4030 Call System
- Native name: سامانه تلفنی 4030
- Company type: Telephone system
- Founded: February 27, 2020; 6 years ago
- Founders: Execution of Imam Khomeini's Order
- Headquarters: Tehran, Iran
- Area served: Throughout Iran
- Key people: Seyyed Reza Mazhari (chief)
- Products: Answering questions related to COVID-19 (corona-screening)
- Owner: Barakat Tel; (Barakat Pharmaceutical Group)
- Number of employees: 2,200 doctors and paramedics (and 2,000 telephone lines)
- Website: https://call4030.ir/

= 4030 Call System =

Iranian telephone system

The 4030 Call System (سامانه تلفنی ۴۰۳۰) briefly "4030-system" is the Iranian telephone system that was created during the early days of the COVID-19 pandemic in Iran for expert consulting and corona-screening (of coronavirus suspects).

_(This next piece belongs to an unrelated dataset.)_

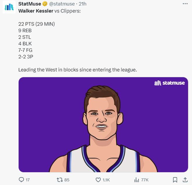 赛季揭幕战对阵快船队,沃克·凯斯勒出战29分钟,拿下22分9篮板2抢断4盖帽,三分球7中7、三分球2中2,投篮命中率100%,真实投篮命中率120%。凯斯勒并不害怕面对祖巴茨。关键是他一直在练习三分球。整个湖人媒体都对凯斯勒的进步感到惊讶。当凯斯勒这样身材和吨位的内线前锋拥有进攻技巧和三分球命中率时,他的上限可能会无限高。今年夏天爵士队不再与他续约,湖人队将受益匪浅。美国记者:对于邦赞在场上的疯狂举动我一点也不感到惊讶,但人们却很难相信,因为凯斯勒的整体表现直接击败了快船队。他投中了所有三分球。爵士本来可以以相对较低的价格续约他。湖人队记者瑞恩·鲁埃达在观看了凯斯勒的表现后发送了凯斯勒的统计数据和@lakesofficial:尽一切努力将凯斯勒带到湖人队与卢卡·东契奇搭档。艾顿的常规赛首秀令人失望。身高2.16米的内线却没有战斗的勇气。身高1.98米的柴萌突破了3秒大关。比赛前34分钟,他7投5中得到10分、6个篮板、4次失误和1次盖帽。他多次在防守上做出贡献,但不在篮下。实在是太软了。由于凯斯勒的表现已经如此出色,有消息称湖人队媒体LADE有意提高凯斯勒的交易报价。爵士队一定对这个报价感到满意。湖人相当于梭哈,送花蜜,2027年顶级保护前4,2030年首轮交易权,2030年无首轮保护,首轮交易+2个首轮选秀权。如果凯斯勒能够来到湖人队,他们就可以交易掉艾顿这样的内线。湖人队进行更多交易以继续有助于提高他们的防守。你也可以开始了。海耶斯作为替补中锋非常有效。这一切都取决于佩林卡的决定。

There are 2000 phone lines and 2,200 doctors and paramedics throughout Iran who are working at this call system, and answer questions related to COVID-19.

4030 call system has been launched by the Execution of Imam Khomeini's Order (Barakat Tel) and in cooperation with the Ministry of Health and Medical Education and Iran Telecommunication in order to screen Iranian families at the field of COVID-19.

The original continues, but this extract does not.